Очки лежали на чем-то, на возвышении. Макарцев хотел отодвинуть это что-то, чтобы приняться за чтение. То была папка, пухлая серая папка с черными коленкоровыми боками, туго связанная зелеными тесемками. Он же подписал сегодня все бумаги бухгалтерии. Еще какой-нибудь годовой отчет? Никогда эти растеряхи не могут сделать сразу! Он отодвинул папку в сторону (черт! тяжелая!), надел очки и обратился к первой полосе. Он пробежал глазами шапку: «Коммунизм – светлое будущее всего человечества!» – и, подумав, выкинул слово «всего». Проглядел заголовки статей, даже мелких, отметил уже стоящий в полосе материал секретаря райкома Кавалерова. Все было в порядке. Макарцев нажал на селекторе рычажки замредактора, ответсекретаря, его зама, ведущего номер, и выпускающего. В кабинет ворвался гул линотипов из наборного цеха, отделенного от столов верстальщиков стеклянной перегородкой. Всем четырем сразу редактор сказал в микрофон:
– Как дела? Докладывайте…
Из общего бормотанья он понял, что верстка идет по графику, отклонений нет.
– Но будут, – вдруг насторожил Полищук. – Только что ТАСС обещал. Генсека набрали вчера, а сегодня, после выступления, поправки…
– Большие?
– Блохи. Но много, в общей сложности сотни полторы. И еще идут… Снова те места, где мы уже поправили, переисправляют по-старому… Первую и вторую полосы задержим на час, не меньше…

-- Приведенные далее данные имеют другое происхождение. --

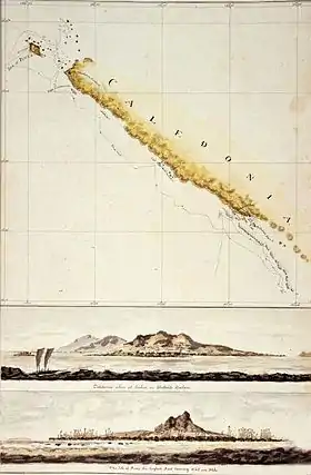 Le , l'enseigne de vaisseau James Colnett aperçoit à l'horizon une terre inconnue des Européens. Il se trouve à bord du bâtiment commandé par le navigateur et explorateur anglais James Cook, le HMS Resolution, durant son deuxième voyage. Cook baptise cette terre New Caledonia en l'honneur de l'Écosse. En effet, l'aspect des côtes lui aurait rappelé cette région de Grande-Bretagne, dont le père de Cook est originaire (Caledonia est l'ancien nom latin de la province correspondant à l'Écosse britannique). Le premier contact avec des Kanaks a lieu le lendemain, à Balade au nord-est de la Grande Terre, puis l'expédition britannique longe la côte Est et arrive jusqu'à l'île des Pins le [8].

– Ясно, – Макарцев удержал вздох. – Кстати, насчет первой полосы… Шапка – чья идея?
– Моя, – выдавил Полищук.
– Остроумно! Но уберите «всего»! Зачем пугать быков красным цветом? Сейчас не время! Остальные мои замечания в полосах. Все!
Загудел телефон – Анна Семеновна допустила к нему жену.
– Почему ужинать не едешь?
– Закрутился. Сам поел…
– Сегодня поздно?
– Думаю, нет… А ты что?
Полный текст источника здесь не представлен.